DESVARIEUX: Okay, Paul, let’s look at your last point about consumer protection. What are the effects of unregulated privatization on consumer protection? And can you give us some examples?

BUCHHEIT: Well, yes. There are three recent examples. The explosion in the Texas fertilizer plant killed a lot of people, and the Arizona forest fire killed, like, 19 firefighters. And up in Quebec, there was a disastrous train wreck that killed a lot of people. All three of those cases or those instances followed deregulation. So, like, the Texas fertilizer plant hadn’t been inspected in, like, 25 years. In Arizona, the budget cuts, the sequester caused a lot of firefighters and fire equipment to be cut back.
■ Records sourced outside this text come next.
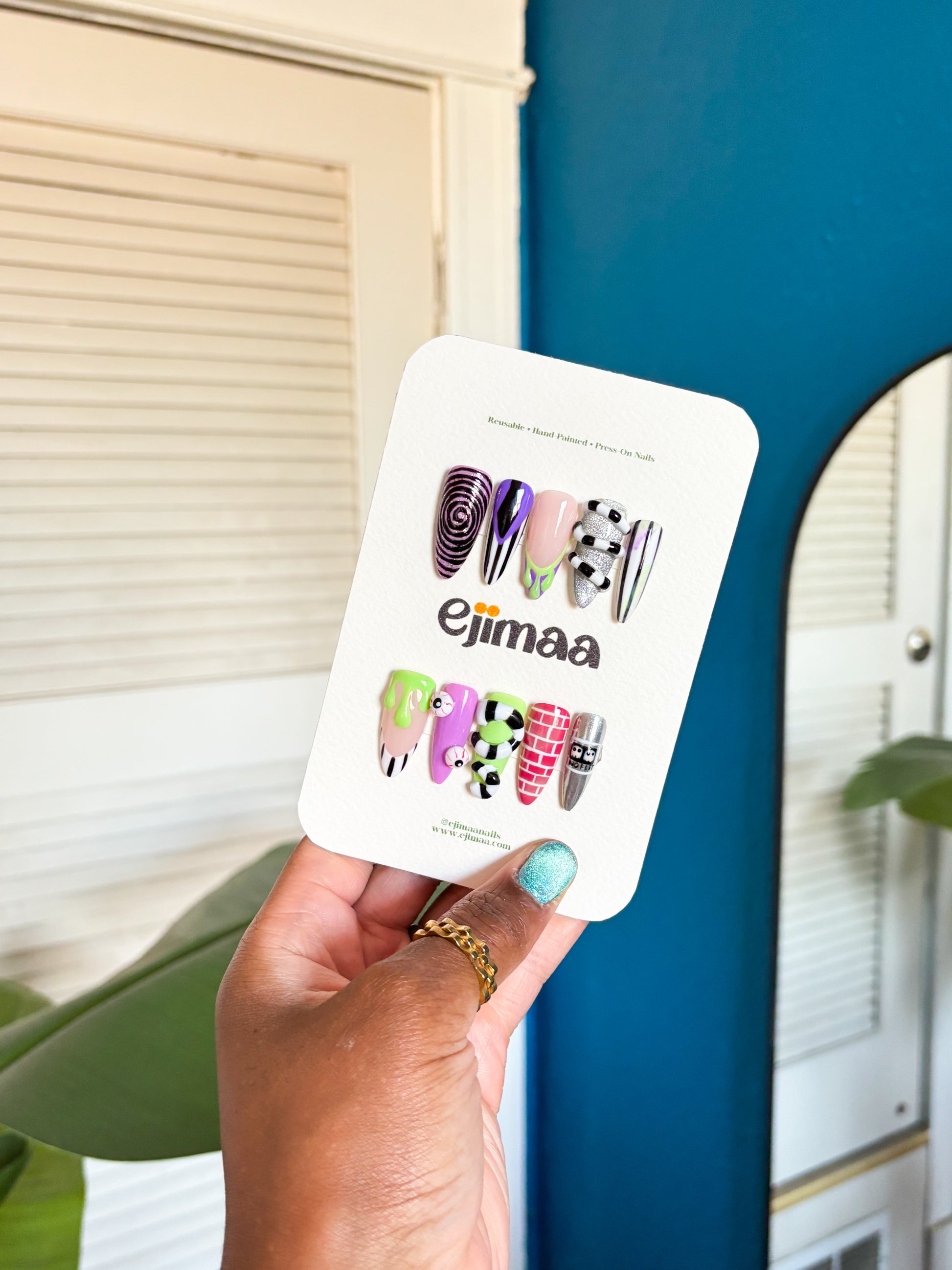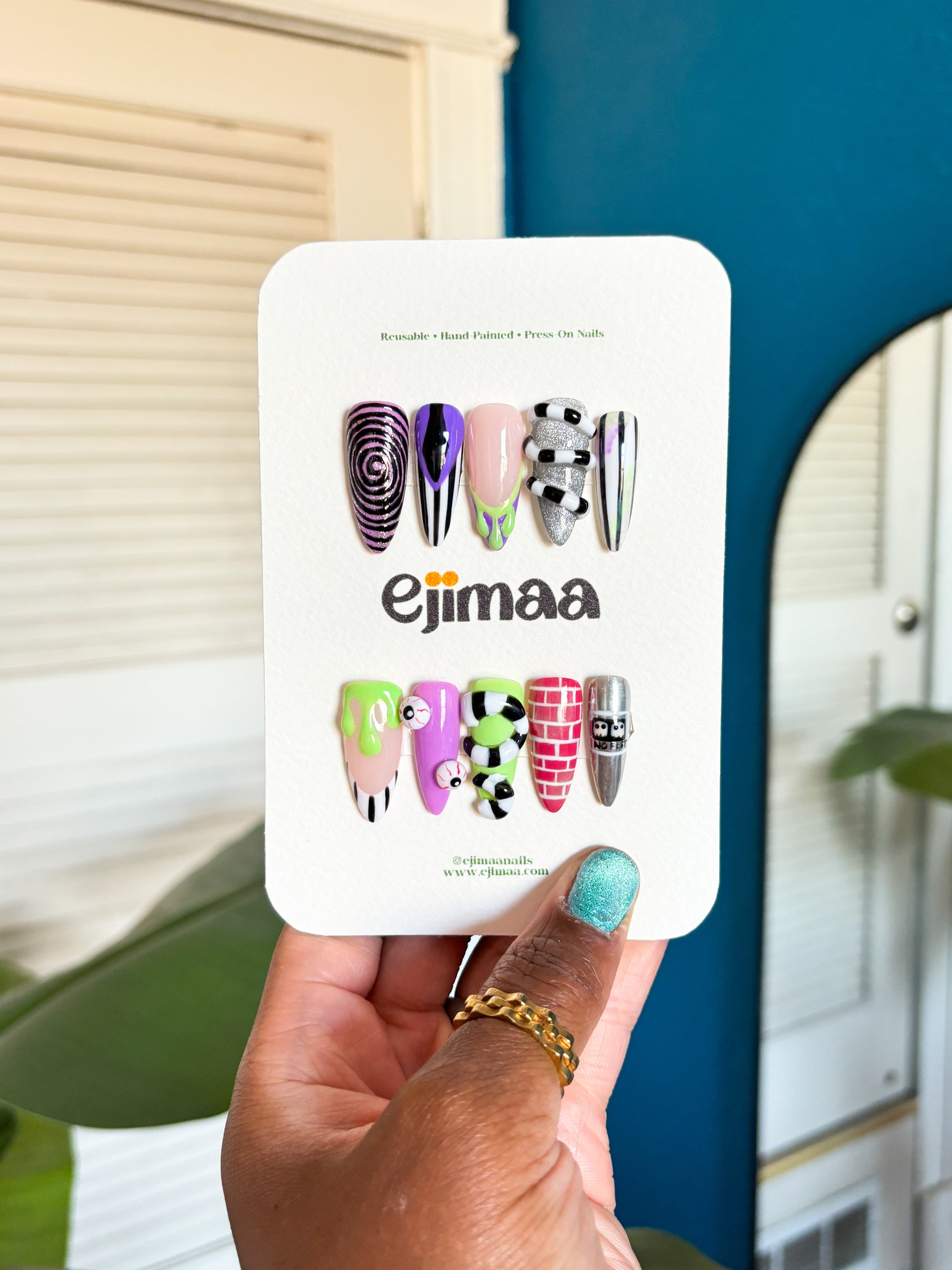 Step into the strange and unusual with this hand-painted, Beetlejuice-inspired press-on nail set. Featuring bold black-and-white stripes, slime drips, hypnotic swirls, brick wall details, and even those eerie eyeballs, this set brings Tim Burton’s cult classic energy straight to your fingertips.
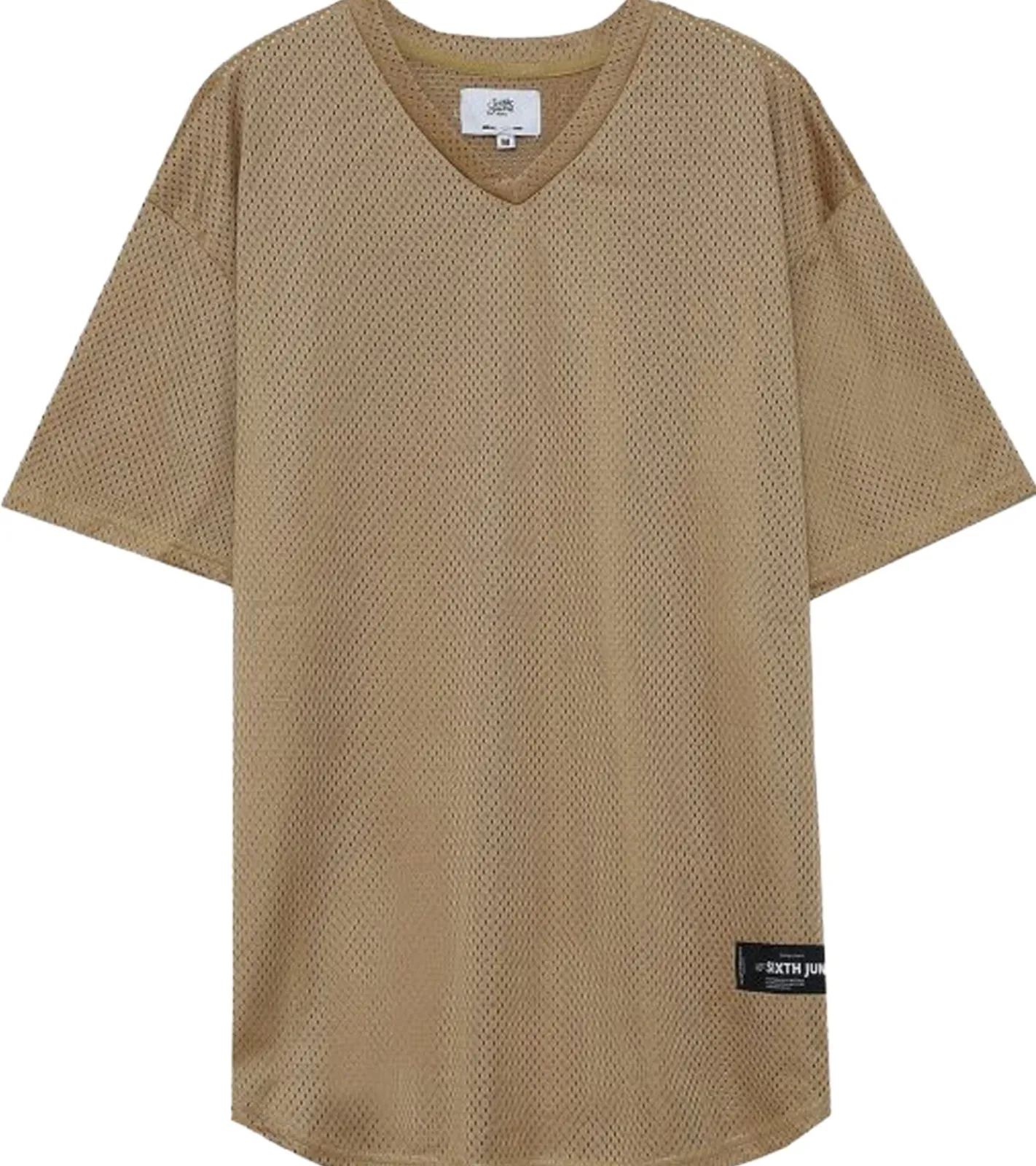Sixth June Herren Basic-Shirt Freizeit-Shirt T-Shirt mit V-Ausschnitt Kurzarm-Shirt 4191 Beige
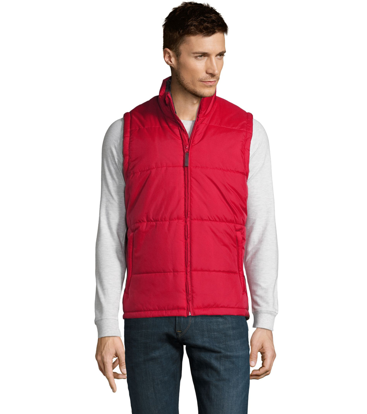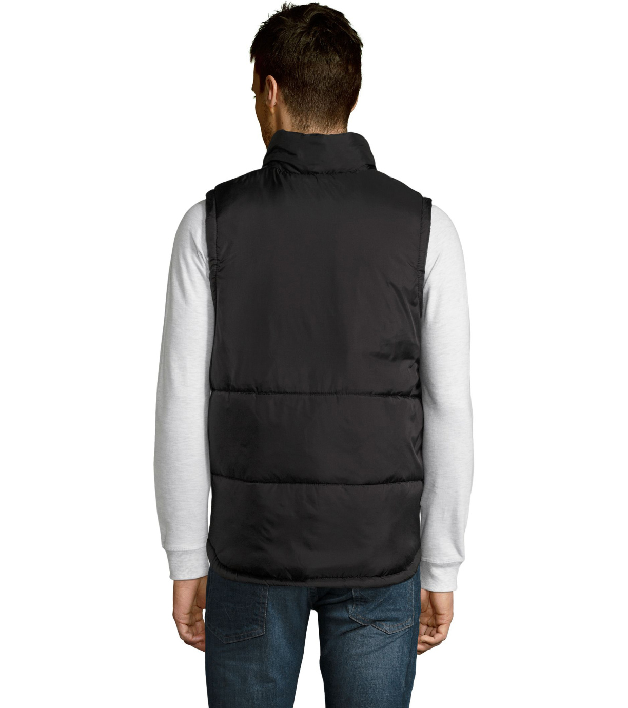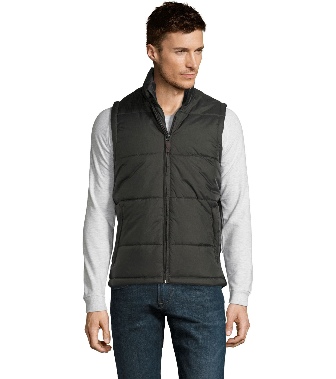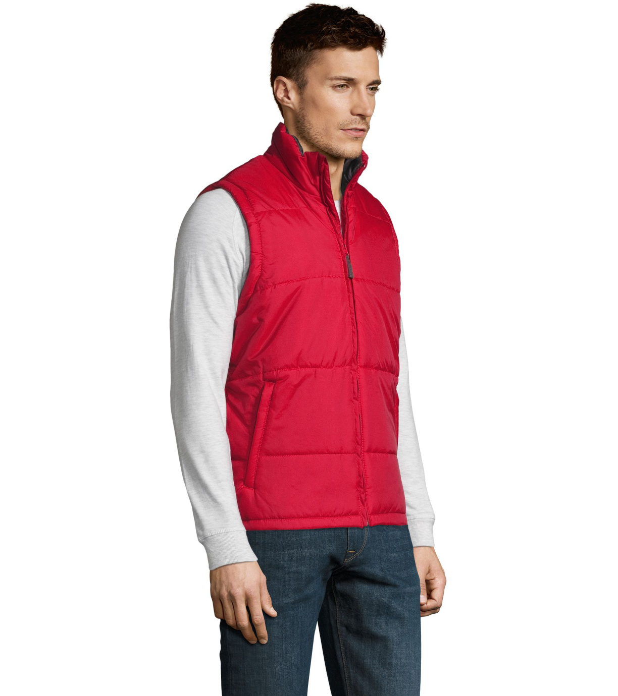 Kamizelka z wysokim kołnierzem i zapięciem na zamek. Dwie boczne kieszenie zapinane na zamek. Kamizelka wodoodporna i wiatroodporna z dużym płaskim tyłem.
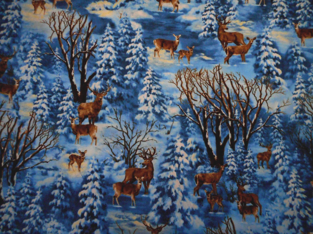 This is a very nice fabric that is 100% cotton. This a premium quilting cotton by Timeless Treasures. It has deer families in snow at night with trees & snowy pine trees on a mainly blue background. READ: Because computer monitors show colors and shades differently, the fabric colors can vary from the photos. If you have any questions regarding this, please contact me before p urchasing the item. I have been a quilter for 30 years and am an accomplished seamstress & would be happy to answer any questions you might have. This is for a 1 1/4 Yard of Fabric. If you have a problem with anything you purchase from me, please contact me before leaving neutral or negative feedback and I will work it out with you. Payment is due within 48 hours. If payment isn't received within 5 days, it will automatically go to Ebay's resolution center for non-payment. INSTRUCTIONS FOR COMBINED SHIPPING: I Do combine shipping. You must put your items into your shopping cart and request an invoice from me using the request total button before completing the payment process. IF YOU'RE UNABLE TO COMBINE YOUR SHIPPING, PLEASE CONTACT ME. Payment is due upon receipt of your invoice. Thank you for looking and God bless you and your family. IF THERE IS A PROBLEM WITH ANY PURCHASE, PLEASE CONTACT ME, THE SELLER, VIA EBAY'S MESSAGING SYSTEM PRIOR TO OPENING A CASE--OPENING A CASE, EVEN IF RESOLVED SMOOTHLY, CAN HURT THE SELLER'S RATINGS. THANK YOU

And in Quebec, the same thing. You know, the rails were deregulated. So those are just three examples, but there’s more.

I mean, if you look at how important the FDA, the EPA, and FEMA, you know, Hurricane Sandy, how important it is to have these protection systems through public funding to help all of us instead of just trying to provide profits for a few people and cutting back on everything else, the cutbacks are damaging our country.

And it’s only the media, the people controlling the media with the propaganda that is causing people to vote against themselves, basically. You know, people don’t realize that this rampant deregulation is and privatization is hurting themselves.

DESVARIEUX: Thank you so much for walking us through your piece, “Eight Ways Privatization Has Failed America”. Thank you again for joining us.

BUCHHEIT: Thank you, Jessica.

DESVARIEUX: And thank you for joining us on The Real News Network.